Life
is like a bus, or in the case of this movie, a routed taxi cab. We meet people
along the way who share in our journey. Some stay longer than others, some
drift away as soon as they came. But the truth is, we are all passengers in
life, waiting patiently to get to our desired stop.
MNL 143 is a social realist film
mostly set inside a transport taxi cab. The protagonist, Ramil (Allan Paule),
is a former OFW who returned to the Philippines to search for a lost love (Joy
Viado). After years of futile efforts and disappointment, Ramil decided to
return abroad. The film chronicles his last day of searching for his lost love
and the passengers he meets along the way.
It is ironic how the film is able to
go beyond the cramped space of Ramil’s mini-van and is able to explore entire
lives intersecting along the busy streets of Manila. As passengers come and go,
we see snippets of their lives and personalities revealed unintentionally. A
mother is broken hearted as her son reveals in a text that he did not remember
her birthday. A woman chases after a snatcher after realizing her cellphone was
missing. A student drowns the world away with her earphones. Aspiring
filmmakers try to impose meaning through symbolism in an amateur film they
taped inside the mini-van.
We only see tidbits of the
passenger’s lives. Our imaginations, however, were left with a wide horizon of
questions. How did the mother celebrate her birthday, then? Will the woman
discover that she was after the wrong man? Where is the student headed? Would
the filmmakers be able to make a decent film?
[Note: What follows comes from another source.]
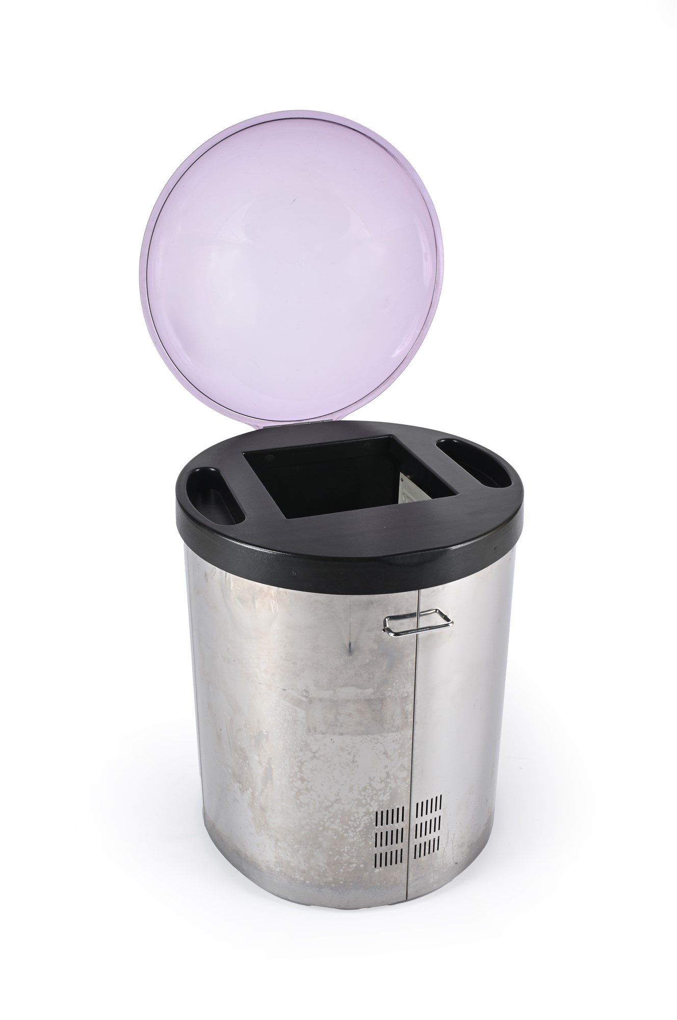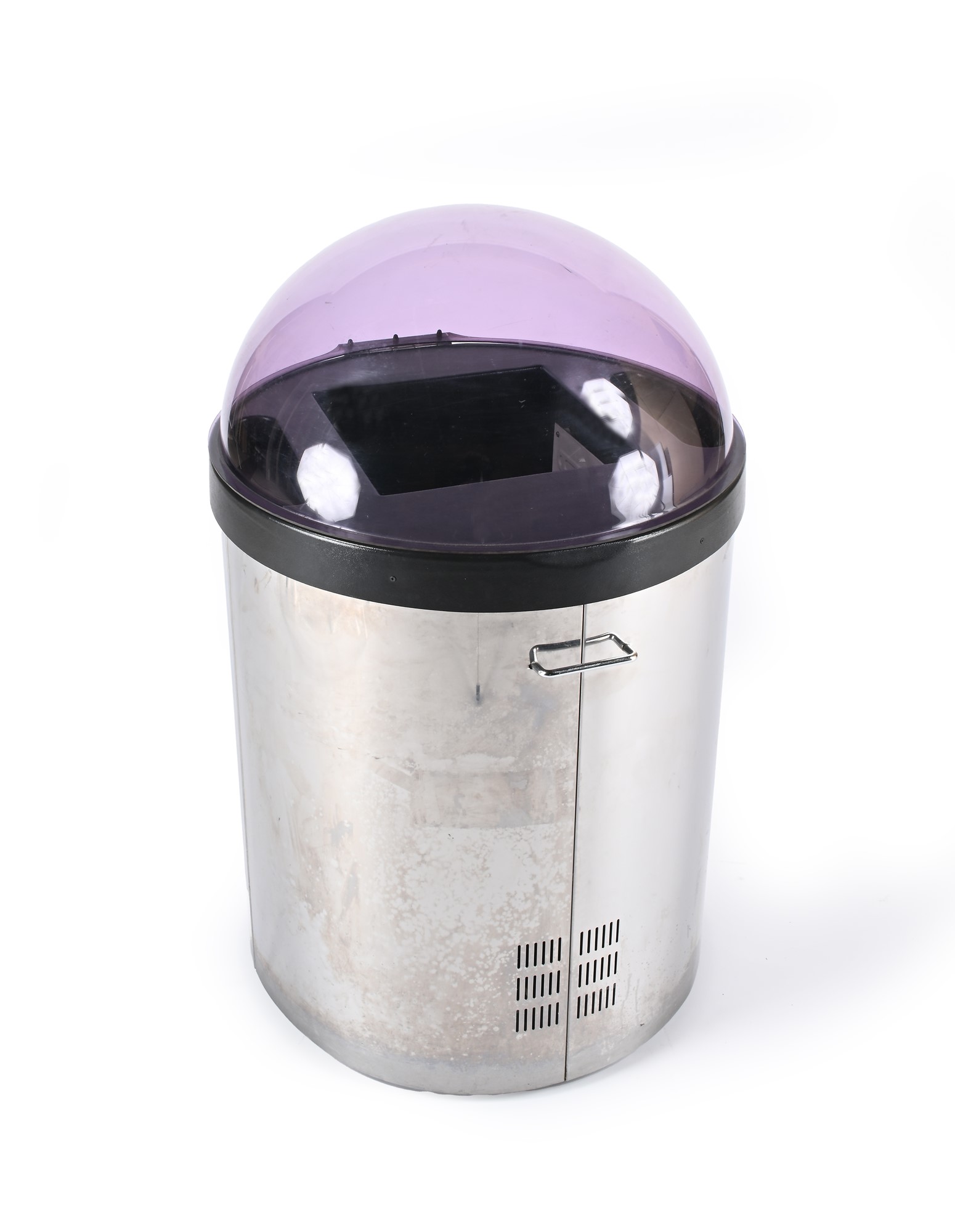 Frigo bar Anni '70 cm 95x60 con scomparto refrigerante, scomparto per cubetti di ghiaccio e illuminazione. Struttura in acciaio cromato, resina Abs, cupola in plexiglass e rotelle.

In all the characters he met every
day, it was very serendipitous that his lost love would choose to hail his taxi
on the last day of the search.
The
love story, however, took up a very small part of the main narrative. The
narrative was mainly concerned about revealing how many people went through the
grueling process of sacrificing comfort, safety, and sometimes integrity in
their public commute. The film did a wonderful job of defamiliarizing something
that we saw and did every day. Suddenly, commuting and the politics of it
became fascinating. As a participant, and bathed in the mundaneness of it all,
we do not realize that we meet interesting people every day. We can then ask
questions we never thought we could ask, “Where is she going?” “What are they
fighting about?” “Why does he look so tired?” All of a sudden, we realize that
we are just a very small part of this sprawling city where different lives play
out.
The
taxi cab in this sense serves as a diluting mechanism. Different people who
otherwise would have no other reason to associate are brought together, even if
just for a moment, to share in a single journey. When we choose to pay
attention, we can learn a lot from the things that we do every day.
The
cinematography was very adept at showing and letting the audience experience
Manila. A lot of the shots were always cramped, indicating the lack of space,
literally and figuratively, that plagues the city. This is further exacerbated
by passengers clamoring to get seated in the overloaded taxi cab. In the
outdoor scenes, the color tone was very warm – ranging from yellow, red to
orange hues. You could almost feel the sweltering heat that is characteristic
of the capital city.
Ramil’s story ended much in the same way as
the passengers he encountered – very open ended. We can never know if Ramil and
his love would get back together, especially after it was revealed that she was
terribly bitter over the entire affair. But even if she does decide to get off
Ramil’s taxi for good, it is oddly comforting to note that despite the terrible
odds, Ramil had the chance to take his lost love as a passenger once again.